I know that however successful Outseta becomes, I will always get more joy out of seeing people on our team thrive in their personal lives than I will out of seeing the business itself succeed financially. Adii writes:
"In the case of a life profitable business, the aspiration is self-actualization for you and those associated with the business."
"Setting up your business in a way that allows people to grow, to self-actualize, to be fruitful in meaningful ways while doing the collective work of the business will probably mean a productive business that gets better financial results."
I could not agree more and that's not based on a hunch—it's based on my own behavior.

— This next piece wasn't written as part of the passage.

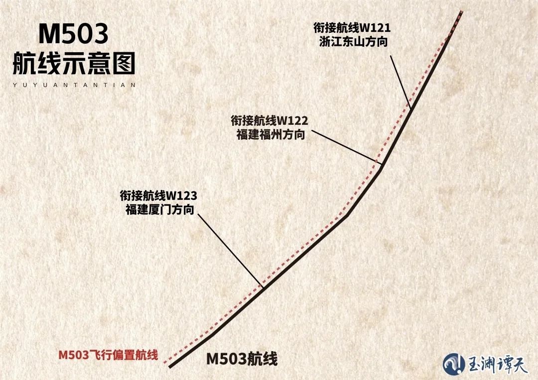 這樣的背景下,在經(jīng)過(guò)國(guó)際民航組織(ICAO)核準(zhǔn)后,這條代碼為M503的新航線正式落地,與之相配套的還有三條銜接航線,即飛往浙江東山的W121、飛往福建福州的W122和飛往福建廈門的W123。
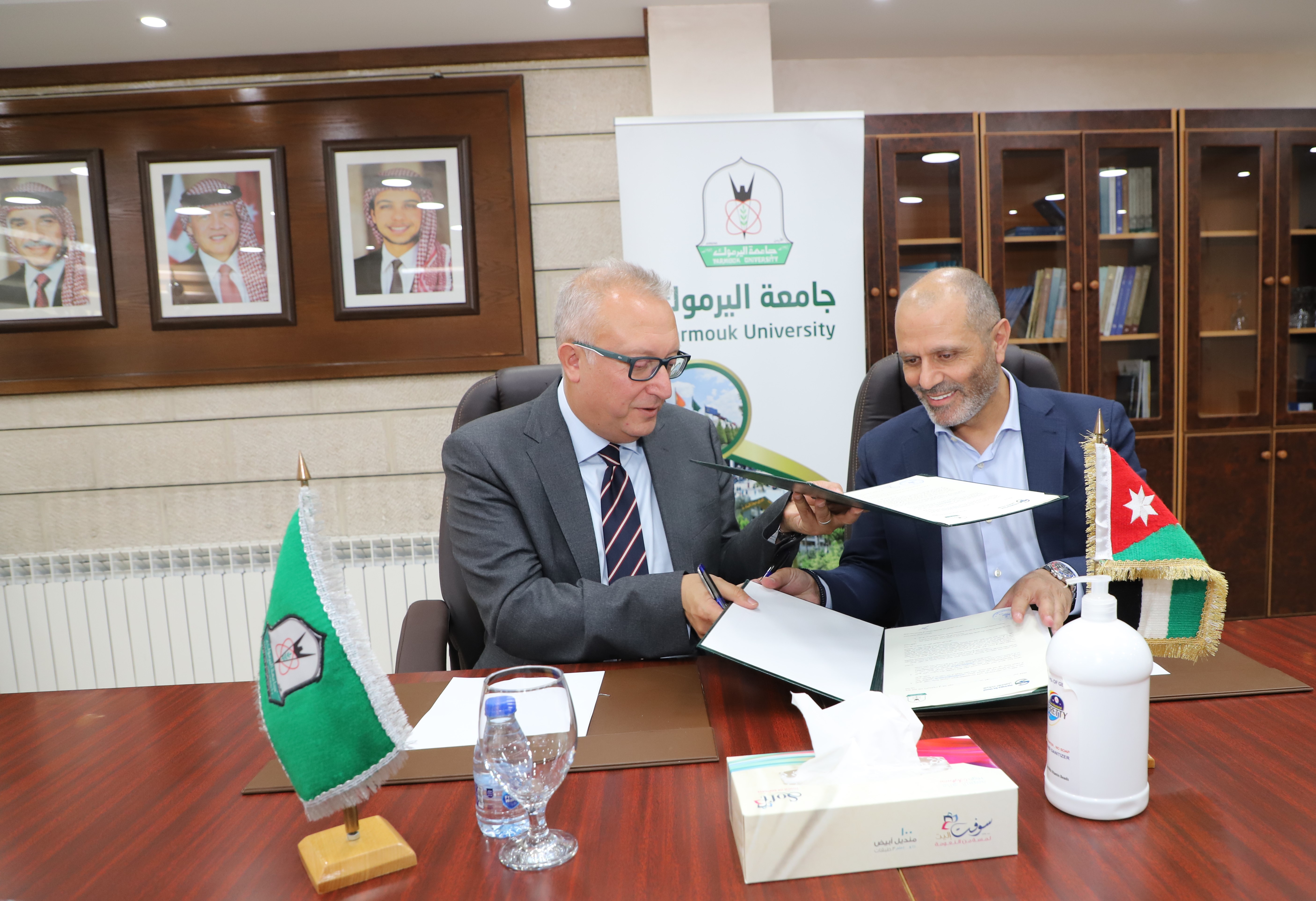 وحضر توقيع الاتفاقية عميد البحث العلمي والدراسات العليا الدكتور محمد الزبيدي، ومدير مركز الريادة والابتكار الدكتور "محمد أشرف" العتوم.

Say for example you work with a musician who has an amazing opportunity to play a set at a venue they've dreamed of playing at—but it's during "normal" business hours when you already have an important meeting scheduled. If that person wasn't given the freedom to pursue the opportunity—to pursue something that's in every way an expression of themselves—imagine how that would make them feel towards their work!
I guarantee the elated employee who has engaged with life on their terms would be more productive, more insightful in a meeting rescheduled to the following week. I'll take that every single time over the dejected employee, sitting through the meeting while daydreaming about the life opportunity they are missing out on elsewhere.
Life profitability has always been my north star—both for myself, and in terms of the impact that I want Outseta to have in the world. Adii writes:
"Life rewards us with unexpected dividends when we engage with it."
This has always proven true in my experience.